In Play: Heavy people (and other movable things) are most likely to lumber: "When he saw the muscle-bound bouncer lumbering toward him, Hazelwood decided to stop pestering the girl sitting next to him at the bar." If you are in the UK, you may say things like this and expect to be understood: "The American people are lumbered with so much misinformation and disinformation, they have difficulty making intelligent decisions."

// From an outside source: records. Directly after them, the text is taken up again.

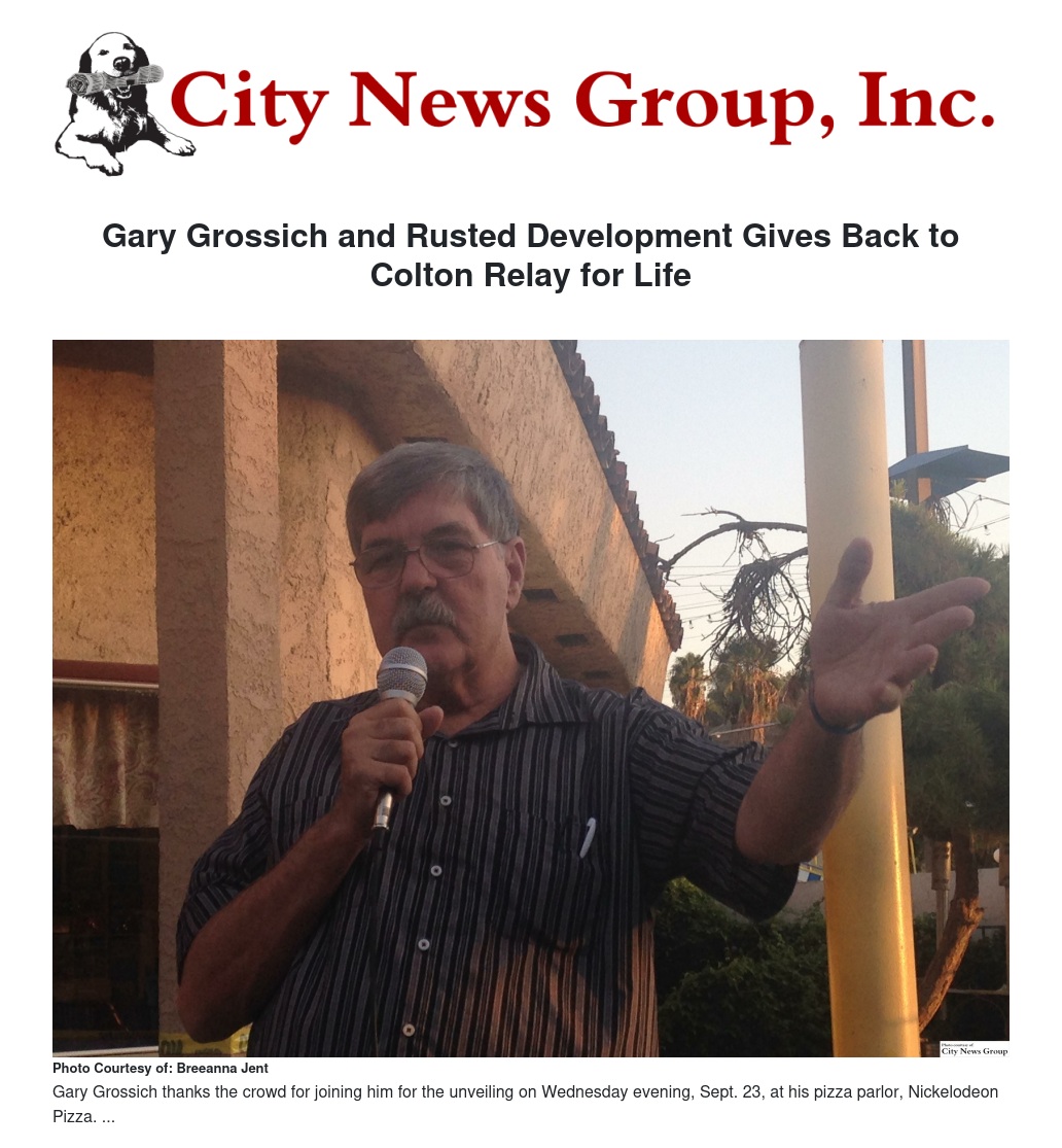 Gary Grossich and Rusted Development Gives Back to Colton Relay for Life
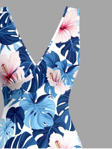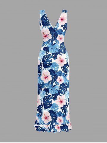 Tropical Leaf Hibiscus Flower Print Hawaii Ruffles Split Dress - Blue - Xxxl
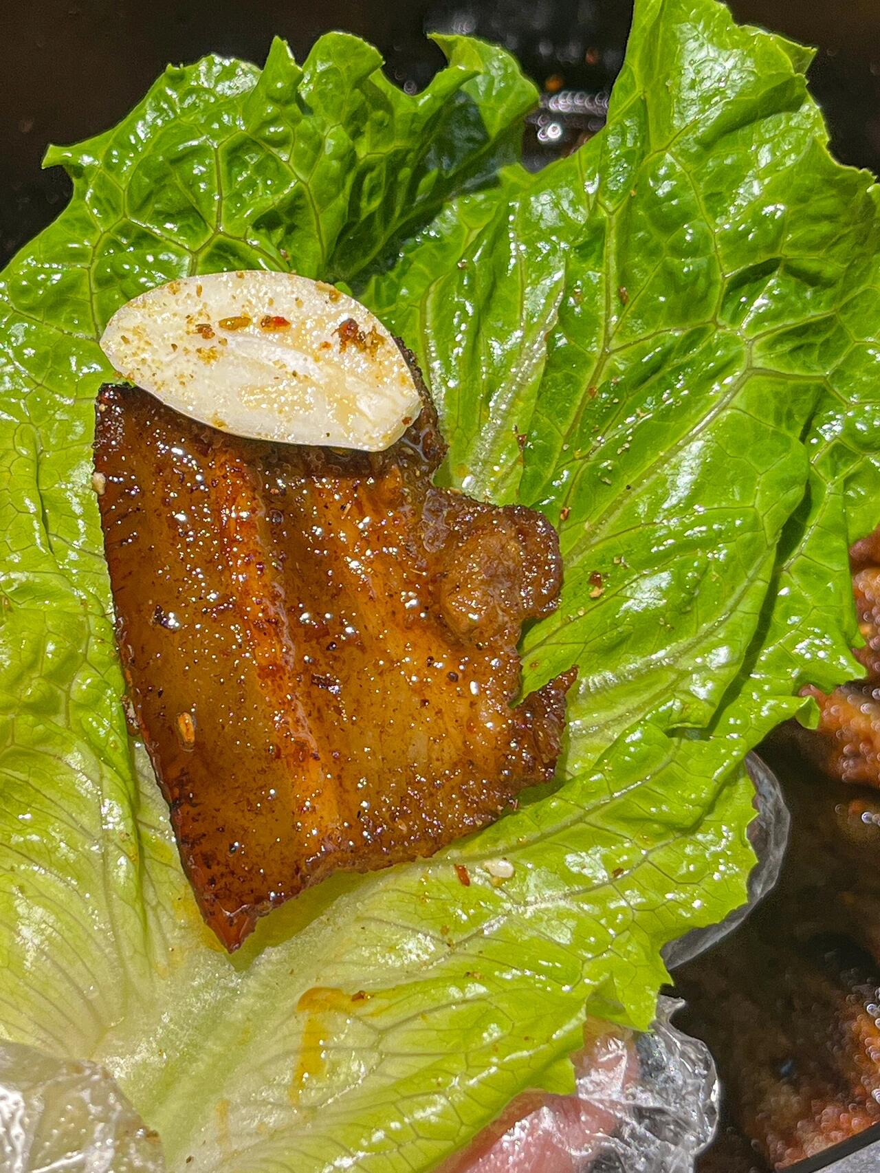 拿起一片生菜,放上一块烤好的五花肉,加一片烤蒜,再蘸点烧烤料,包起来一口塞进嘴里。生菜脆嫩清爽,正好中和了肉的油脂,吃起来一点不腻;五花肉外焦里嫩,肥的部分烤得酥脆,像在吃油渣,瘦的部分软嫩多汁,肉香在嘴里爆开;烤蒜软糯香甜,带着焦香,完全没有了生蒜的冲味;烧烤料的复合香气在嘴里散开,孜然、辣椒、芝麻的味道层层递进。那种满足感,和烤肉店里吃的一模一样,甚至更香——因为是自己做的,肉随便放,料随便加。
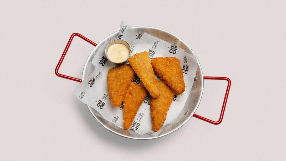 Куриные наггетсы, мини чебуреки с мясом, картофельные хэшбраун, сырные наггетсы, луковые кольца
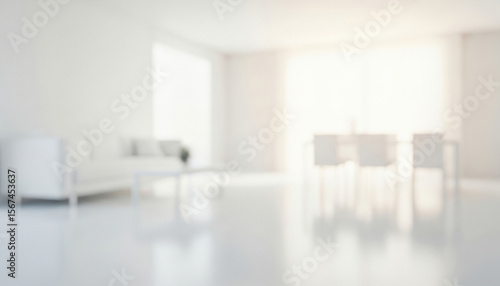 Fototapeta premium Blurred interior view of a bright modern room with furniture and sunlight., perfect for use in tech branding, modern web hero images, or app UI backgrounds
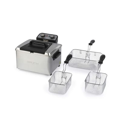 - SPACIOUS 5-LITRE CAPACITY: Perfect for family meals or party prep, this fryer includes one large 5-litre basket for big batches or two 2.5-litre baskets for cooking different foods at the same time.
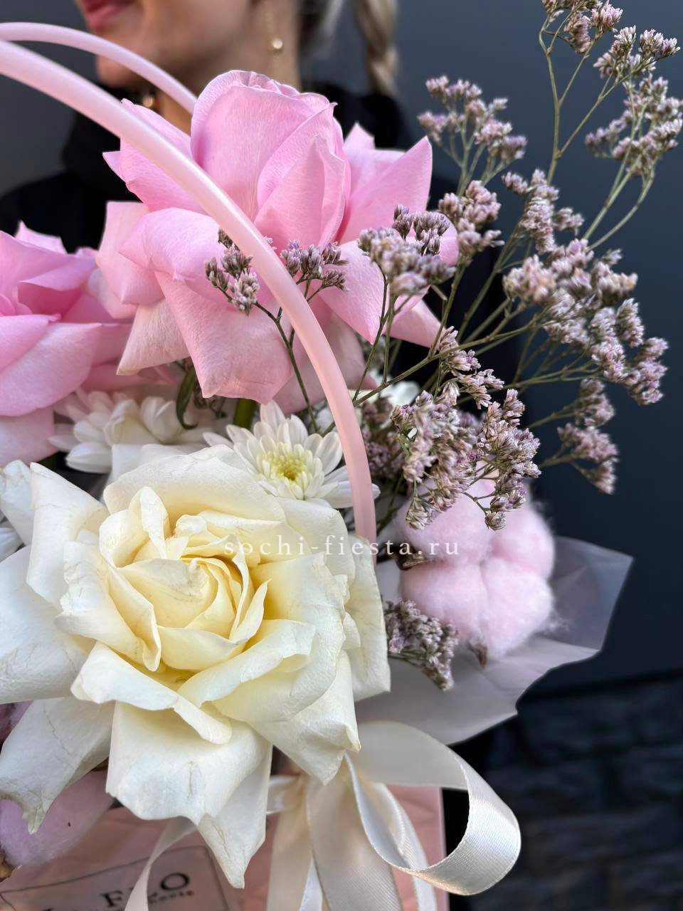 герберы, диантусы, альстромерии,  лента, эвкалипт,  сумка-кашпо.

Word History: Today's Good Word is cousin to Swedish loma (lomma) "walk awkwardly with slow, heavy steps" and Old Norse lami "lame". Surely, English lame came from this as did German lahm "lame". All of these words descended from PIE lem-/lom- "to break; fragile", also the source of Russian lomat' "to break", Serbian lomiti "to break", and Bulgarian lomya "I break". "Broken" figuratively implies "lame" in a person, and "limping" could be interpreted as "lumbering". "Broken" also implies "used, useless", implied in the second sense of the verb lumber. Until the 19th century, lumber also meant "to pawn" or "to imprison". This could explain the British sense mentioned above. Giving someone something useless could be seen as saddling them with it. (Today's gratitude is owed Barbara Beeton, who climbed the ladder rather quickly to rank of Lexiterian in the Agora, for seeing the interest in this ostensibly common Good Word.)